By David Shepardson
(Reuters) -A U.S. trade group representing major passenger and cargo airlines asked the Federal Communications Commission (FCC) on Thursday to halt deployment of new 5G wireless service around many airports, warning thousands of flights could be disrupted.
AT&T (NYSE:T) and Verizon Communications (NYSE:VZ) are set on Jan. 5 to deploy C-Band spectrum 5G wireless service that they won in an $80 billion government auction. The petition from industry group Airlines for America seeks a deployment delay near numerous U.S. airports including ones in Chicago, San Francisco, Los Angeles, Las Vegas, New York, Boston and Seattle.
The aviation industry and the U.S. Federal Aviation Administration (FAA) have raised significant concerns that 5G might interfere with sensitive aircraft electronics like radio altimeters, which could delay or divert flights.
"Aircraft will not be able to rely on radio altimeters for numerous flight procedures and thus will not be able to land at
certain airports," the group said in its emergency FCC petition.
It said wireless interference will "jeopardize the function of critical aircraft safety systems, which in turn threatens to divert or cancel thousands of flights" daily. It said this would disrupt "millions of passenger reservations" along with flight crew schedules and global supply chains.
The petition seeks an FCC decision by noon EST Monday or the group warned it will "seek judicial or other relief" to avoid "immediate and unacceptable safety risks."

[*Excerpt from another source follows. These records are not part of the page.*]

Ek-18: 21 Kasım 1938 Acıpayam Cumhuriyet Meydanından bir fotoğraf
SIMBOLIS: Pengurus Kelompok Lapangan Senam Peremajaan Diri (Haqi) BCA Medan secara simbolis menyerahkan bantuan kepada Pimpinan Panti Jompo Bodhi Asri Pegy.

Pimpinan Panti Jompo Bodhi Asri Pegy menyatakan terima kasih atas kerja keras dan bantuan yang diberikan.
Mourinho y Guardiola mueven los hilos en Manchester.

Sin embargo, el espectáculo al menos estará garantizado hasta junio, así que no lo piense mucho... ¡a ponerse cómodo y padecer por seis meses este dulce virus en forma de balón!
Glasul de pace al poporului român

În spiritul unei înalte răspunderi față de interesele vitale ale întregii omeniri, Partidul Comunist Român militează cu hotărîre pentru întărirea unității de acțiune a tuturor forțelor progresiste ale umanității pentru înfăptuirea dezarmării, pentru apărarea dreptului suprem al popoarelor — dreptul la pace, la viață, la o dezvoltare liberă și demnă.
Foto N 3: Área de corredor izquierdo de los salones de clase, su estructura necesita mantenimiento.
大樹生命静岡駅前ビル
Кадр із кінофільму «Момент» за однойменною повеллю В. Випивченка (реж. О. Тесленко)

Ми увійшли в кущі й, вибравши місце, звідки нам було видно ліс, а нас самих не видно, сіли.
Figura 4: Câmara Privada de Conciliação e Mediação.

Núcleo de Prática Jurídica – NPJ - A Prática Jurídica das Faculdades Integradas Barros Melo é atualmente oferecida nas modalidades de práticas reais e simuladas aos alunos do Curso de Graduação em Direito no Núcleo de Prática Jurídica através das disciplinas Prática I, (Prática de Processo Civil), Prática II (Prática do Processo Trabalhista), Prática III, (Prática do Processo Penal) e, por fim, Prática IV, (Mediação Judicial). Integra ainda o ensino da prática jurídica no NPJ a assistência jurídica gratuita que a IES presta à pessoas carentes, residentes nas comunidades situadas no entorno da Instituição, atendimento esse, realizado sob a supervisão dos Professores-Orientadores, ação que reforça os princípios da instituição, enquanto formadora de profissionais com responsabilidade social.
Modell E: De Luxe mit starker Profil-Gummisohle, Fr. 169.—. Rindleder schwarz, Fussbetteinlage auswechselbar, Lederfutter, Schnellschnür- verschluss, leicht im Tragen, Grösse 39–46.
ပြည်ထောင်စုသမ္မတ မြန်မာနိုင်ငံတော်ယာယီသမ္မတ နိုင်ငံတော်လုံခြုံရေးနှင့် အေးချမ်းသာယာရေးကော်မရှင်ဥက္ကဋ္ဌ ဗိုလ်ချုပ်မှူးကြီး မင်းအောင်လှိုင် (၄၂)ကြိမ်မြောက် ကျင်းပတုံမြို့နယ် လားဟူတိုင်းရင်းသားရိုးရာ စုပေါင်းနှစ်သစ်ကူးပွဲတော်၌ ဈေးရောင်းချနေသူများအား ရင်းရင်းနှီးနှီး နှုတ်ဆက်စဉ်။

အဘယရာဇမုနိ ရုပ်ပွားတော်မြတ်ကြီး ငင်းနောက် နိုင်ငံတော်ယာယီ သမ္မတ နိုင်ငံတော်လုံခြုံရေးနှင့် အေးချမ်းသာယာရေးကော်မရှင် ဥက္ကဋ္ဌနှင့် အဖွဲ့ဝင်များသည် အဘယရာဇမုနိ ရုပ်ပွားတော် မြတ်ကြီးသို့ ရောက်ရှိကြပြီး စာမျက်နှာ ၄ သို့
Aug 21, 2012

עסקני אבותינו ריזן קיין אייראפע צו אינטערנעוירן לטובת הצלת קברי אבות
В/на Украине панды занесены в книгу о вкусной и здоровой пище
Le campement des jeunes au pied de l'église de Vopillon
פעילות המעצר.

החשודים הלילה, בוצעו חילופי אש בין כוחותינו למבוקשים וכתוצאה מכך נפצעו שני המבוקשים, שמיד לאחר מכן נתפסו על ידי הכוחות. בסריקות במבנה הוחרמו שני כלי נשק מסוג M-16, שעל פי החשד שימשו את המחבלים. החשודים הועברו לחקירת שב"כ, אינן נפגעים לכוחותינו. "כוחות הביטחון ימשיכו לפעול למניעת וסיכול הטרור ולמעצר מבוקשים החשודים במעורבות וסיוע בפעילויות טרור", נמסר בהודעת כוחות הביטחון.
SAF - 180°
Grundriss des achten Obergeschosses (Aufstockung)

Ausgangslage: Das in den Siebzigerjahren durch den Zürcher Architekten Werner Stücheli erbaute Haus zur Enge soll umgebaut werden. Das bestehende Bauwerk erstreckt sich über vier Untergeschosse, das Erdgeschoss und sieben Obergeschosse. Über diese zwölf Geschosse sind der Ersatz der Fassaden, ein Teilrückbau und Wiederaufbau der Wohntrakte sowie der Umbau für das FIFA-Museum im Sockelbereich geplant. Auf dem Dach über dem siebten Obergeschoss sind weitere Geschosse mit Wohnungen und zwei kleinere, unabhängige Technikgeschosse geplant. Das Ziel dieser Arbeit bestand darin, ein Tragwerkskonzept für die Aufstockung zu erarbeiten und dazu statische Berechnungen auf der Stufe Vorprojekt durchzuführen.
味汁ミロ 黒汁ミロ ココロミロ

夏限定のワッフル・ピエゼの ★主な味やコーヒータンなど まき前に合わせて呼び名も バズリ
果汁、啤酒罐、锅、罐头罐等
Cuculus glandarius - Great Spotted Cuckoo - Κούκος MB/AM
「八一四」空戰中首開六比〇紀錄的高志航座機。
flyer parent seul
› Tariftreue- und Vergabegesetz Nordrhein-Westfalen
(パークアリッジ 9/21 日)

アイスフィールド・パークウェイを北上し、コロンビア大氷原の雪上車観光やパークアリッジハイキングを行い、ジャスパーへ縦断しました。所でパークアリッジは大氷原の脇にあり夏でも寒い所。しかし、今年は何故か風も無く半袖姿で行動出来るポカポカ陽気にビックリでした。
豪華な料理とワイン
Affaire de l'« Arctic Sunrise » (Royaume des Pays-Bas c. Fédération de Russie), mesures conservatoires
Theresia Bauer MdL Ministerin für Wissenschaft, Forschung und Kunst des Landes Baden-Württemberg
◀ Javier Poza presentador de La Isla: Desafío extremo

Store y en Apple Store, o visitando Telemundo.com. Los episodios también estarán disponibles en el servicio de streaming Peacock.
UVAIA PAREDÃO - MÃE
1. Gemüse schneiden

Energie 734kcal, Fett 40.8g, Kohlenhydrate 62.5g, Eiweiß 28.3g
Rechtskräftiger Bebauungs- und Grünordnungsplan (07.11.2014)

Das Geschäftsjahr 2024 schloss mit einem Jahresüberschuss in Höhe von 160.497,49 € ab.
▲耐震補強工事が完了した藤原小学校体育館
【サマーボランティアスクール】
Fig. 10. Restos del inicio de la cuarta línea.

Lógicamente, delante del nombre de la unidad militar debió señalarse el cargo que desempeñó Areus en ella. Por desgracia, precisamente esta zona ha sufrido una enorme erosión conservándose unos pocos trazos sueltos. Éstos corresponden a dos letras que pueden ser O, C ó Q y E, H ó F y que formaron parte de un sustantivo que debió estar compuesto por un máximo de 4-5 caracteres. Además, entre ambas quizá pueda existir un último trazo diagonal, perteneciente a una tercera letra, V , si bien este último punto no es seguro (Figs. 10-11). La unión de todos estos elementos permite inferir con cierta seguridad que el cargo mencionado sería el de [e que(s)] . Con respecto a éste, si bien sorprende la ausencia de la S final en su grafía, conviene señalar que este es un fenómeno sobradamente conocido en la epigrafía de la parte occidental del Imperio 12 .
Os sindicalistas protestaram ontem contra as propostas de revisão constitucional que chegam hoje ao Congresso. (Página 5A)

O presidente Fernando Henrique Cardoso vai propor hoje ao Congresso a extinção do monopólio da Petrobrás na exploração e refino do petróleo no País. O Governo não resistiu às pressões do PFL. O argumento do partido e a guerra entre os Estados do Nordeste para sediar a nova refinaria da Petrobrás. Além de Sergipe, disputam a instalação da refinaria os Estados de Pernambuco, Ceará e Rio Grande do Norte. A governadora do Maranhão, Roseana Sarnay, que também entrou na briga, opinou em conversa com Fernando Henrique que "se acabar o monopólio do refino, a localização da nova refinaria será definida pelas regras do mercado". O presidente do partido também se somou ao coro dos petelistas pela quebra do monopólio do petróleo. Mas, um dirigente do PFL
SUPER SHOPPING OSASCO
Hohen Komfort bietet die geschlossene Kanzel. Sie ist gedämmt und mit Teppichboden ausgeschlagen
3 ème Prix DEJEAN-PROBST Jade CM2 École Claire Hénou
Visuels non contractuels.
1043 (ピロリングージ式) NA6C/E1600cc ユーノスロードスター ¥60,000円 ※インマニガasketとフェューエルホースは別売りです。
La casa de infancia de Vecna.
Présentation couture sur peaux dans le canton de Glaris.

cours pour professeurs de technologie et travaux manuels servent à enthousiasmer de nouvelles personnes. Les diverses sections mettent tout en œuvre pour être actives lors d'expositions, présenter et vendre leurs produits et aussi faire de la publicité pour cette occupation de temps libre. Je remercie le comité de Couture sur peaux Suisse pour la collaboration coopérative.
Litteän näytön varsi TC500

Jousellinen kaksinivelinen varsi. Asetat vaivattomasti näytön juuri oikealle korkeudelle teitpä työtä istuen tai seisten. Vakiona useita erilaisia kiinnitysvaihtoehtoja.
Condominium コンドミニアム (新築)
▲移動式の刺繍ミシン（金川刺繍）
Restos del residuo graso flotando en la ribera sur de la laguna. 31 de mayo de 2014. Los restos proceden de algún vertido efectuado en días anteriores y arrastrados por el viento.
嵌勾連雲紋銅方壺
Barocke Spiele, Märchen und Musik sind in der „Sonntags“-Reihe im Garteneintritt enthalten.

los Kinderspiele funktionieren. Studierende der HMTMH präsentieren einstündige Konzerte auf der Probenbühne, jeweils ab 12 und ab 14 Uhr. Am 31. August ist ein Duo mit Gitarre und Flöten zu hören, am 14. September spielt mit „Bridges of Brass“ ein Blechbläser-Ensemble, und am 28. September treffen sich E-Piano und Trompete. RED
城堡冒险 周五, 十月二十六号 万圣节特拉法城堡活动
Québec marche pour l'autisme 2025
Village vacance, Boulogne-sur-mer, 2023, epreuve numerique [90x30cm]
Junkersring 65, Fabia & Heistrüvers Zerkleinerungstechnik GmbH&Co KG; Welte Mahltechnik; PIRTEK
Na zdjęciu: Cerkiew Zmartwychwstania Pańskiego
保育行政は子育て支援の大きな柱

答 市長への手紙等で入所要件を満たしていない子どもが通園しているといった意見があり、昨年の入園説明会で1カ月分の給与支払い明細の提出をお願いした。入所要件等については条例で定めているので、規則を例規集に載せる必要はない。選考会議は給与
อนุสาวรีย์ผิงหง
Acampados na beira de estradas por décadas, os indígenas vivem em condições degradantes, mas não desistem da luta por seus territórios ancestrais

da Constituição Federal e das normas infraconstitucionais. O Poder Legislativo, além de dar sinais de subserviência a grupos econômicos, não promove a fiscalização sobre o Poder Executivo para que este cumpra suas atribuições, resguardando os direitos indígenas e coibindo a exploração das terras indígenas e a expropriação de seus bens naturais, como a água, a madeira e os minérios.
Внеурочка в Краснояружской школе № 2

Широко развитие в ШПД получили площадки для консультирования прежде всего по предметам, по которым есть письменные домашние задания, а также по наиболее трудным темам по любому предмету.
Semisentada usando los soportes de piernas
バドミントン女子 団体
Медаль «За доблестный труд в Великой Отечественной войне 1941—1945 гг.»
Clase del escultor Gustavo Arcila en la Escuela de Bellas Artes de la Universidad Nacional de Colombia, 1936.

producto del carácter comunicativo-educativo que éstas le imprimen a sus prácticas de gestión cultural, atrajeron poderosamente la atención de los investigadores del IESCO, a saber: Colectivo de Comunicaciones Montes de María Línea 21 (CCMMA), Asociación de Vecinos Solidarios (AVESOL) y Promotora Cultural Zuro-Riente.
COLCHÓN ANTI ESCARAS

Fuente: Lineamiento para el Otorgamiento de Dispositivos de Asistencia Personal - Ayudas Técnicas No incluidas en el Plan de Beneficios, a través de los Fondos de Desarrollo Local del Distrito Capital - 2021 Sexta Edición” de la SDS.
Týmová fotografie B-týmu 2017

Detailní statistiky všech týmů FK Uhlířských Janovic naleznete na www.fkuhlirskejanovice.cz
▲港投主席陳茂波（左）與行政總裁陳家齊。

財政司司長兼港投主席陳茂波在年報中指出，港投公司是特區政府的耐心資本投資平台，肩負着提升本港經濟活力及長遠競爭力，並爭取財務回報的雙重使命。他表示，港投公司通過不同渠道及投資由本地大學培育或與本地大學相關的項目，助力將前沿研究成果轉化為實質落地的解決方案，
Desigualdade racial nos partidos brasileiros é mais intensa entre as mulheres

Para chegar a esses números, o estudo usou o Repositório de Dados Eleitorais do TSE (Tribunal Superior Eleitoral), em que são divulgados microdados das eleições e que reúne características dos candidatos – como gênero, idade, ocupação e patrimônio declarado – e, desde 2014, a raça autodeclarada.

Wireless industry group CTIA said 5G is safe and the spectrum is being used in about 40 other countries.
CTIA said Thursday "the FCC considered and rejected these claims nearly two years ago after an exhaustive review" and the industry still plans a Jan. 5 launch for 5G service.
The FAA declined to comment on the petition. The agency has been preparing to issue notices further detailing impact of potential interference but has delayed release as intensive talks continue between the Biden administration, wireless carriers and the aviation sector.
Airlines for America, which represents American Airlines (NASDAQ:AAL), Delta Air Lines (NYSE:DAL), United Airlines, FedEx (NYSE:FDX) and other major carriers, said it wants the FCC and FAA "to work together on a practical solution." The petition is aimed at preserving legal options if discussions do not result in an agreement.
This month, the group warned interference from 5G networks could cause 4% of U.S. flights to be diverted, delayed or canceled, and the FAA issued airworthiness directives warning 5G interference could result in flight diversions.
Airlines for America has said that if the FAA 5G directive had been in effect in 2019, about 345,000 passenger flights and 5,400 cargo flights would have faced delays, diversions or cancellations impacting 32 million passengers.
"The potential damage to the airline industry alone is staggering," the petition says.
In November, AT&T and Verizon delayed commercial launch of C-band wireless service by a month until Jan. 5 and adopted precautionary measures to limit interference.
Aviation industry groups said that was insufficient. The aviation industry made a counterproposal that would limit cellular transmissions around airports and other critical areas.